Entries taken from a collection
:::

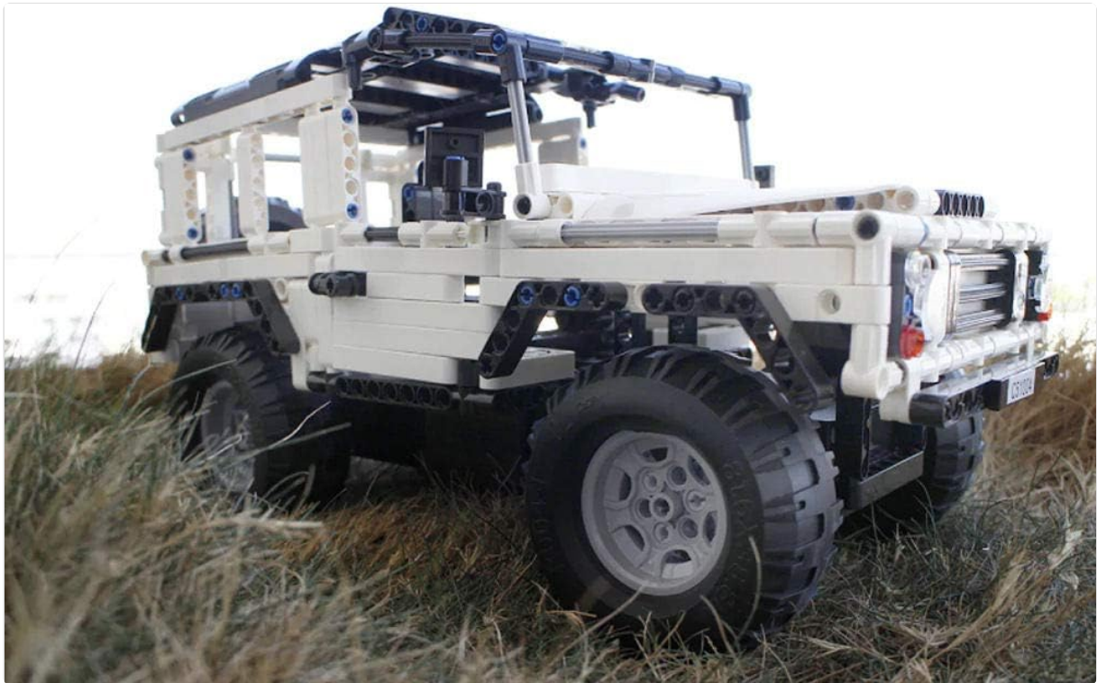
A close-up view of one of the large, textured tires and the detailed wheel hub of the CaDA C51004W, designed for off-road performance.
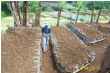
Vetiver on big polybag for production. It's 50-70 cm diameter and 60-80 cm high
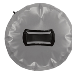
Baseloop for holding and easy emptying
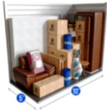
Yukon Rd - Drive Up (5 x 10)

Your rental will automatically renew each month until you decide to move out.
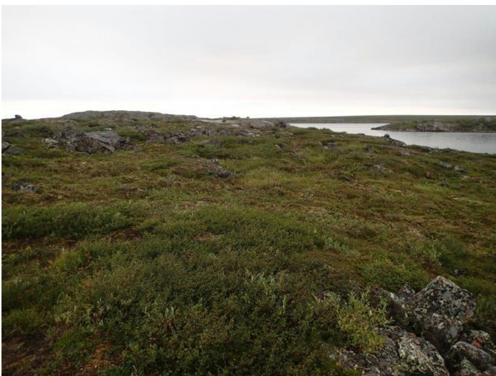
Photo 6: After cleanup photo of planks at Mouse Lake camp. Looking northwest.

:::

Return exactly, and only, the lines that run from the line containing "Your rental will" to the last line of the entries above, both ends included, with pictures left out.

◆ **EXERCISE SOLUTION**
Your rental will automatically renew each month until you decide to move out.
Photo 6: After cleanup photo of planks at Mouse Lake camp. Looking northwest.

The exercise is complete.